When taking long exposure images, your margin for error is somewhat reduced given that anything could go wrong during the exposure period! These are some common problems encountered when using filters and some proposed remedies.
Camera shake during exposure
If you are taking exposures of duration longer than 1/focal length, I would recommend using a tripod such that there is no motion artefact. As an example, if I were shooting at 200mm, I would prefer to use a tripod for any shot taken at slower than 1/200secs. Whereas if I were shooting wide at 16mm, I prefer to use a tripod for any shot taken at a slower shutter speed than 1/16 secs. If your tripod has a gravity locking system, use it in windy conditions.
Avoid touching the camera during the exposure – The best solution is to use a cable release that allows you to press a button to trigger the shutter. If you do not have access to a cable release, set your camera for a 2 second delay such that you can leave the camera free after depressing the shutter.
Remove items which could move the camera during the exposure. It would be preferable to remove the camera strap such that it isn’t acting as a sail and moving your setup. Also, make sure that your tripod is not near moving objects such as branches which could bump your setup during windy conditions.
Use the lowest possible ISO that you can that allows you adequate depth of field. For instance, if all the elements in your image are distant and depth of field is not an issue, it would be preferable to use settings of F11 ISO 100 rather than F22 ISO 400 for the same shutter speed.
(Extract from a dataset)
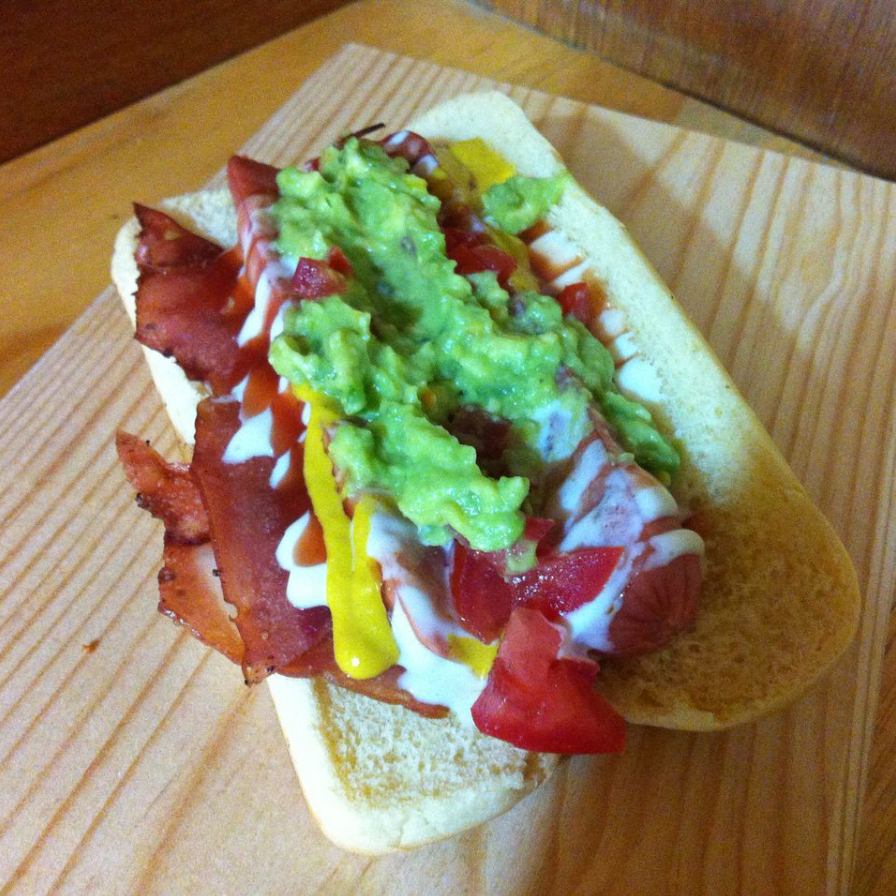 hot dog con salchicha de pavo asada tocino , cebolla jitomate y aderezos

Try to use your camera’s sweet-spot of aperture. This is usually in the F8-F11 range. This will allow you to obtain maximal image quality with a good depth of field, while avoiding an unnecessarily soft image through using too small an aperture such as F22.
Set your camera to manual focus and try to obtain your focal point during a test image before placing your filter on. If you leave the camera in autofocus with a dark filter on, there is a very high risk that the camera will ‘focus search’ as it is unable to detect focal points. This will result in an unusable, out of focus image.
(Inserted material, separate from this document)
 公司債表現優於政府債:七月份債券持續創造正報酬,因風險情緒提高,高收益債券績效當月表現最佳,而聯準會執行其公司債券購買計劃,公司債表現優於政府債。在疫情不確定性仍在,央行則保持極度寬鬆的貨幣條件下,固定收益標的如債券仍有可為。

When on the field, the dirt and droplets of water often cause defects in your image which are easily avoidable. In between shots, always check to see if there are droplets on your filters. My favourite way to clean water off a filter is to use medical ‘Kim’ wipes which do not leave a smear.
In between shoots, make sure you stow your filters away without contacting each other. This prevents scratches which lead to a filter eventually becoming unusable. If your filters do become dirty, take the first opportunity to wash your filters in fresh water while wiping dry with Kim wipes as above.